N° 99
SÉNAT
SESSION ORDINAIRE DE 2010-2011
Enregistré à la Présidence du Sénat le 10 novembre 2010 |
RAPPORT D'INFORMATION
FAIT
au nom de la commission des affaires étrangères, de la défense et des forces armées (1) sur les conditions d'un engagement de la France dans la défense anti-missile balistique de l' OTAN ,
Par M. Josselin de ROHAN,
Sénateur.
(1) Cette commission est composée de : M. Josselin de Rohan , président ; MM. Jacques Blanc, Didier Boulaud, Jean-Louis Carrère, Jean-Pierre Chevènement, Robert del Picchia, Jean François-Poncet, Robert Hue, Joseph Kergueris , vice-présidents ; Mmes Monique Cerisier-ben Guiga, Joëlle Garriaud-Maylam, MM. André Trillard, André Vantomme, Mme Dominique Voynet , secrétaires ; MM. Jean-Etienne Antoinette, Robert Badinter, Jean-Michel Baylet, René Beaumont, Jean-Pierre Bel, Jacques Berthou, Jean Besson, Michel Billout, Didier Borotra, Michel Boutant, Christian Cambon, Marcel-Pierre Cléach, Raymond Couderc, Mme Michelle Demessine, M. André Dulait, Mmes Bernadette Dupont, Josette Durrieu, MM. Jean Faure, Jean-Paul Fournier, Mme Gisèle Gautier, M. Jacques Gautier, Mme Nathalie Goulet, MM. Jean-Noël Guérini, Michel Guerry, Robert Laufoaulu, Simon Loueckhote, Philippe Madrelle, Pierre Mauroy, Rachel Mazuir, Louis Mermaz, Mme Lucette Michaux-Chevry, MM. Jean Milhau, Charles Pasqua, Philippe Paul, Xavier Pintat, Bernard Piras, Christian Poncelet, Yves Pozzo di Borgo, Jean-Pierre Raffarin, Daniel Reiner, Roger Romani, Mme Catherine Tasca. |
AVANT-PROPOS
Mesdames, Messieurs,
La défense anti-missile balistique sera l'une des principales questions à l'ordre du jour du sommet des Chefs d'Etat et de gouvernement des pays de l'OTAN qui se tiendra à Lisbonne les 19 et 20 novembre prochain.
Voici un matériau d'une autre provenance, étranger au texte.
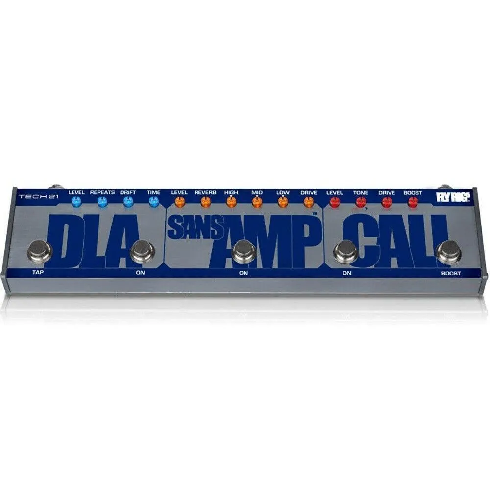 Tech21 Fly Rig 5-Cali Guitar Effects PedalSansAmp tubeamplifier emulator, is pre-voiced for clean tones. It includes 3-bandactive EQ, Level, andDrive to adjust the overall amount of gain and overdrive. • Reverb,within the SansAmp section, is based upon the Boost RVB pedal. Itemulates the rich ambiances of a vintage spring reverb without clatterypings, canyons of doom, or other annoying artifacts. • Boost,kicks in up to 21dB of pre-amp gain. It can be used independently toboost the SansAmp and/or DLA functions, as well as on its own to boostthe gain of your amp. • DLA isbased upon the Boost DLA pedal. It is voiced to give you the sounds ofa vintage tape echo • Allanalog signal path; reverb and delay are mixed in parallel. •Get 5 “must-have” gigging pedals for 1/3 the cost at 1/3 the size,without sacrificing pro quality tone. •All metal housing in gunmetal finish. •Metal footswitches and jacks. •1/4-inch high-impedance input. •1/4-inch low impedance output. •Silent-switching, custom footswitch actuators. •Utilizes included “auto-switching” 12V DC power supply. Self-adjusts to100V-240V. It can be used anywhere in the world with the properplug/travel adapter for the host country. •The Fly Rig 5 is shipped with 4 knob grippers, one on each Levelcontrol. Additional knob grippers are sold in packs of 10 on our Accessories page. | |||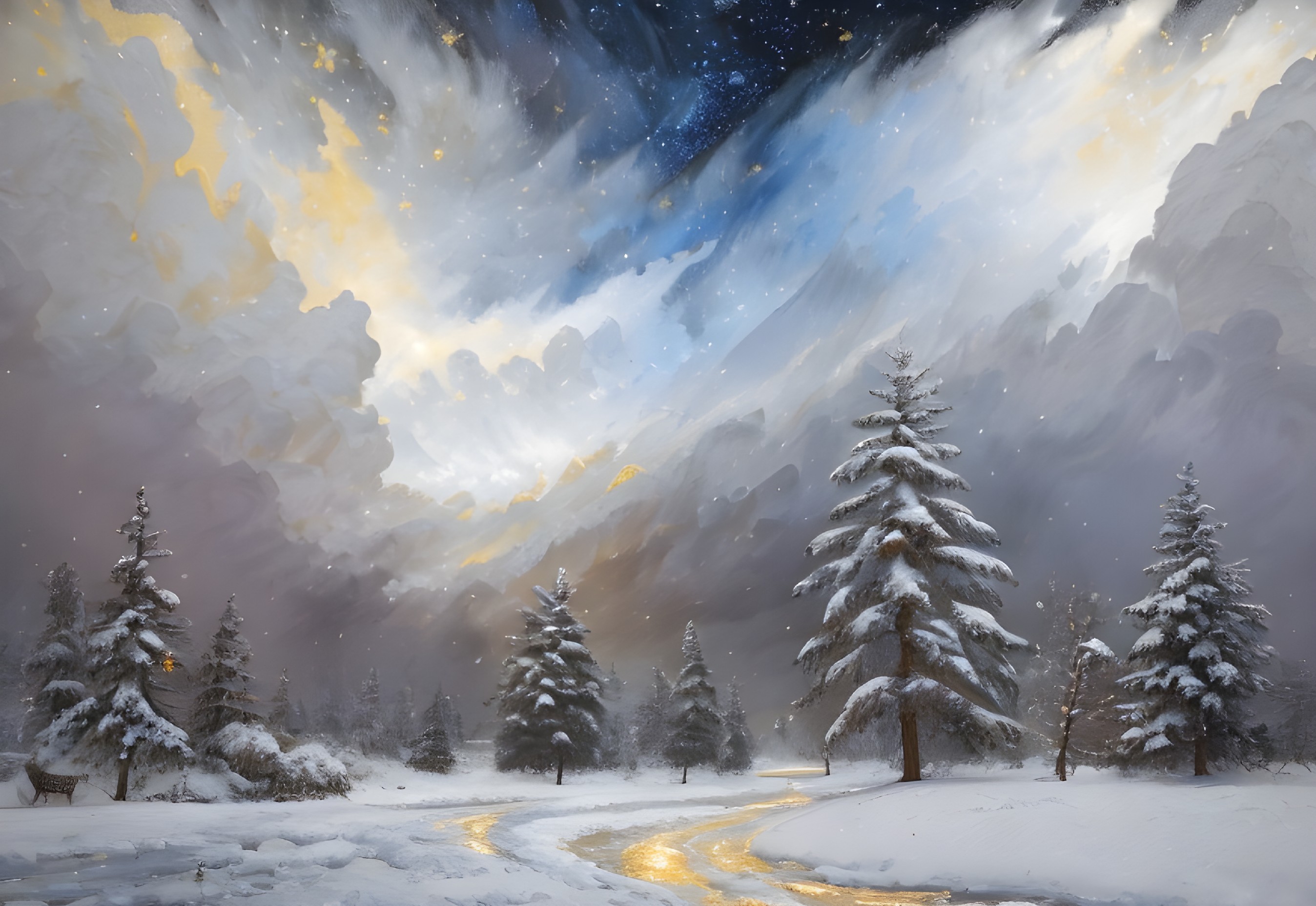• Prompt: Silver snowflakes, gold stars, speed painting using acrylic gouache and deeply thick oil-on-oil square bold strokes, highly detailed maximalist composition, multi point perspective cubism, a greater range of DoF and sensitivity, techniques used in sequence: background of windswept winter snowscape and Nordic patchwork, dry brush technique by Jean Baptiste Monge, Lluis Bruguera, Darek Zabrocki, Hernan Bas, Gerhard Richter; avant-impasto middleground palette knife by Van Gogh, Gustav Klimt, Susanne Loose, Loui Jover, Michelangelo; in the foreground the edges are harder sharper crisper creating more definition by Michael Parkes, Tomasz Alen, Micheal Cheval, Nelson Boren, Alex Alemany, Daniel Gerhartz, Patrick Woodroffe, QLED 8K.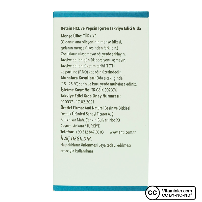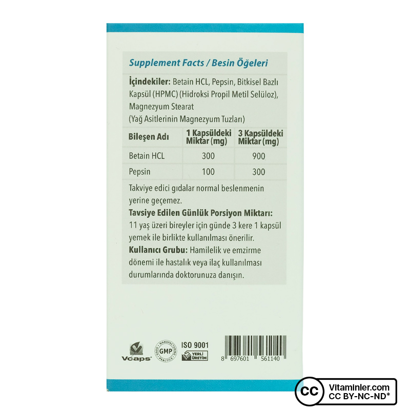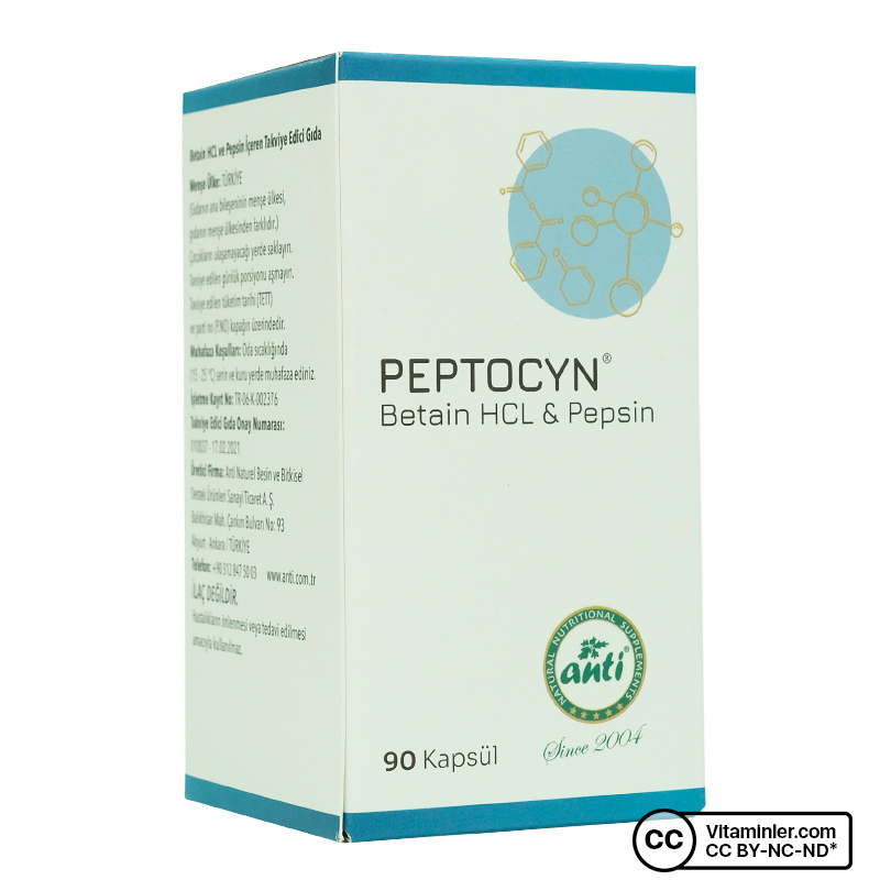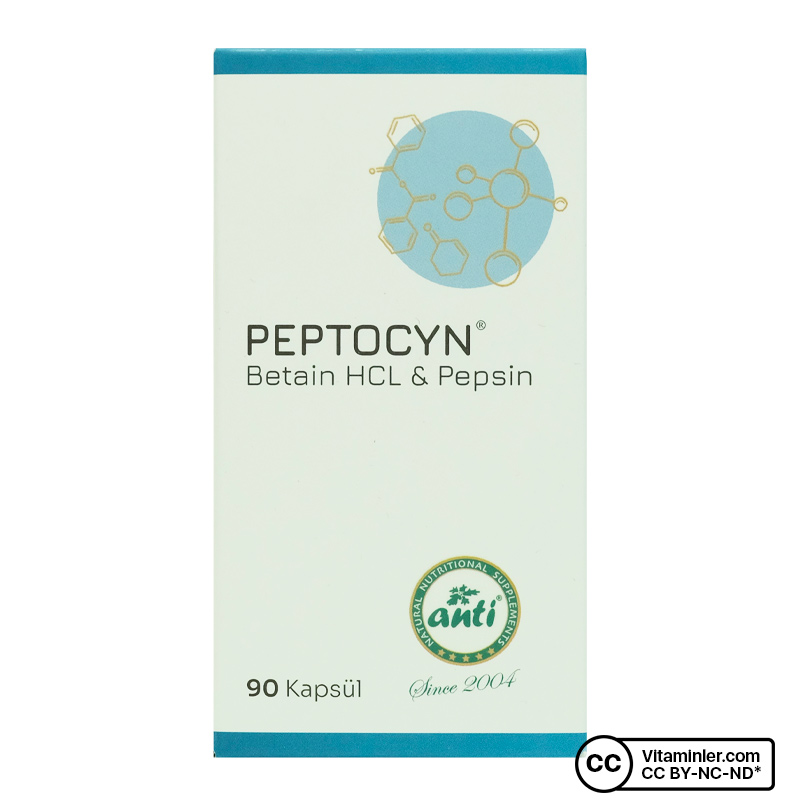 Anti Peptocyn Betain HCL + Pepsin, her servisinde 300 mg betainin asidik formu olan betain HCL sunar. Betainin işlevine yardımcı olması için 100 mg pepsin ile zenginleştirilen formül, şeker, gluten ve koruyucu içermeyen yapısıyla öne çıkar. Vegan tüketime uygun kapsül formu sayesinde de geniş bir kullanıcı kitlesine hitap eder.

Deux décisions pourraient être prises : une décision politique visant à reconnaître la défense anti-missile balistique comme une capacité que l'OTAN doit acquérir pour remplir ses missions ; une décision programmatique visant à faire évoluer le programme de défense anti-missile de théâtre ALTMBD ( active layered theatre missile ballistic defence) vers une défense des territoires .
La question n'est plus de savoir si notre pays doit approuver ou non cette évolution. La Présidence de la République a fait connaître le 15 octobre dernier « le soutien de principe de la France à la nouvelle approche de la défense anti-missile proposée par le Président des Etats-Unis et actuellement débattue à l'OTAN » en apportant les précisions suivantes : « Une décision pourrait être prise à Lisbonne, sur la base d'un projet réaliste, adapté à l'évolution de la menace balistique que font peser certains programmes au Moyen-Orient et accompagné d'un dialogue avec la Russie en vue d'une coopération. La France pourra y contribuer. Comme l'a souligné M. Rasmussen, la défense anti-missile se conçoit comme un complément à la dissuasion nucléaire et non comme un substitut. »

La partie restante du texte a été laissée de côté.